Informasi yang diperoleh mensinyalir mereka memiliki hubungan dengan pelaku usaha tertentu. Jika informasi ini benar, maka patut dipertanyakan netralitas dan tujuan dibalik semua ini.
Mengapa SKM yang salah
Boleh jadi jawaban atas pertanyaan kenapa geger SKM baru terjadi beberapa bulan belakangan ada pada data yang diterbitkan oleh Nielsen. Berdasarkan riset Nielsen tahun 2016, peningkatan konsumsi SKM pada tahun 2016 adalah 5,6% dibandingkan pertumbuhan susu bubuk yang minus 0,1%.
Harga SKM yang terjangkau menjadi alternatif bagi orang tua dengan kemampuan ekonomi tertentu untuk memberikan susu bagi keluarganya.
Keberadaan SKM yang terus dihubungkan dengan konsumsi gula penyebab obesitas dan diabetes juga patut dipertanyakan. Berdasarkan Riset Kesehatan Dasar (Riskesdas) 2015, persentase gula yang disumbangkan konsumsi pangan olahan di mana SKM masuk di dalamnya hanya 15% dari total gula yang dikonsumsi masyarakat, sedangkan sisanya sebesar 85% diperoleh dari pangan lain.

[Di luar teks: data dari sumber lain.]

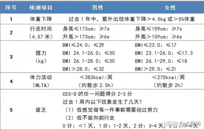 老年人的衰弱通常表現(xiàn)在五個(gè)方面: unintentional weight loss(非自愿體重減輕)、slowness(行走速度下降)、weakness(握力減弱)、low physical activity(體力活動(dòng)減少)和exhaustion(極度疲勞)。醫(yī)學(xué)上稱為“衰弱表型”,當(dāng)老人符合其中三項(xiàng),就可以被認(rèn)定為衰弱(詳見附圖)。

Artinya, mayoritas sumber gula sesungguhnya bukan berasal dari SKM. Apalagi, di dalam kategori Pangan Olahan saja terdapat banyak produk-produk lain. Singkat kata, terlalu naif jika menuding SKM sebagai sumber utama penyebab obesitas dan diabetes. Terlebih lagi, sampai sekarang belum ada penelitian atau kajian yang dapat membuktikan pengaruh signifikan SKM terhadap tingkat obesitas dan diabetes, khususnya pada anak-anak.

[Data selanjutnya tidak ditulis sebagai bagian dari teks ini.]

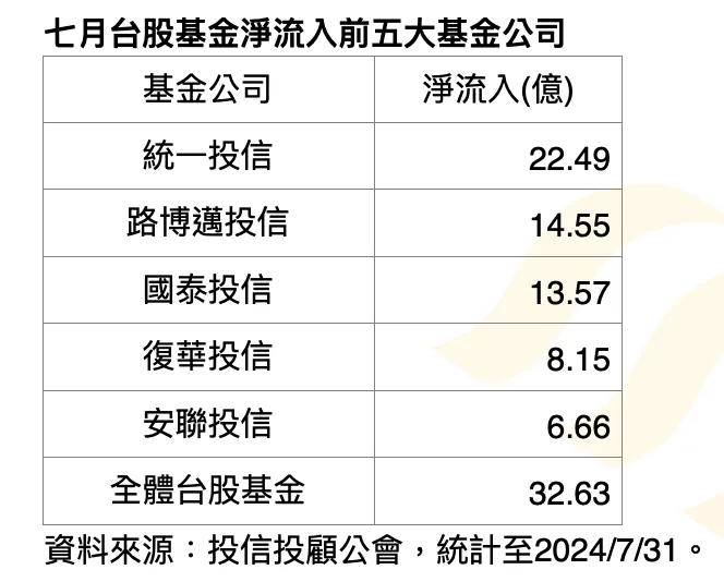 分析個別基金資金流向,投信發行的139檔台股基金中,有17檔基金7月淨流入逾1億,統一投信就佔了5檔,也是上榜檔數最多的基金公司。統一投信獲得資金挹注的台股基金,不僅有規模百億以上的旗艦基金,如統一黑馬及統一奔騰基金淨流入高達7.29億及5.27億,更有後起之秀如統一台灣動力及統一台灣高息優選基金(基金配息來源可能為本金及收益平準金),淨流入達到3.51億及3.3億。今年來表現獲得關注的統一龍馬基金,7月淨流入也有1.61億。

Melihat berbagai fakta di atas, BPOM dan juga kementerian terkait lain termasuk Kementerian Kesehatan serta Kementerian Pemberdayaan Perempuan dan Perlindungan Anak haruslah ekstra hati-hati menyikapi polemik ini. Pemerintah serta para pemangku kepentingan lainnya tidak boleh mudah terprovokasi dan reaktif menanggapi isu-isu di pasar. Apalagi, berbagai tudingan tak didasari kajian dan penelitian yang bisa dipertanggungjawabkan plus ada indikasi persaingan usaha di belakangnya. Terakhir, persaingan usaha merupakan hal yang wajar, namun, alangkah baiknya dilakukan dengan upaya-upaya yang etis dan bukan dengan melakukan kampanye negatif dibelakang layar.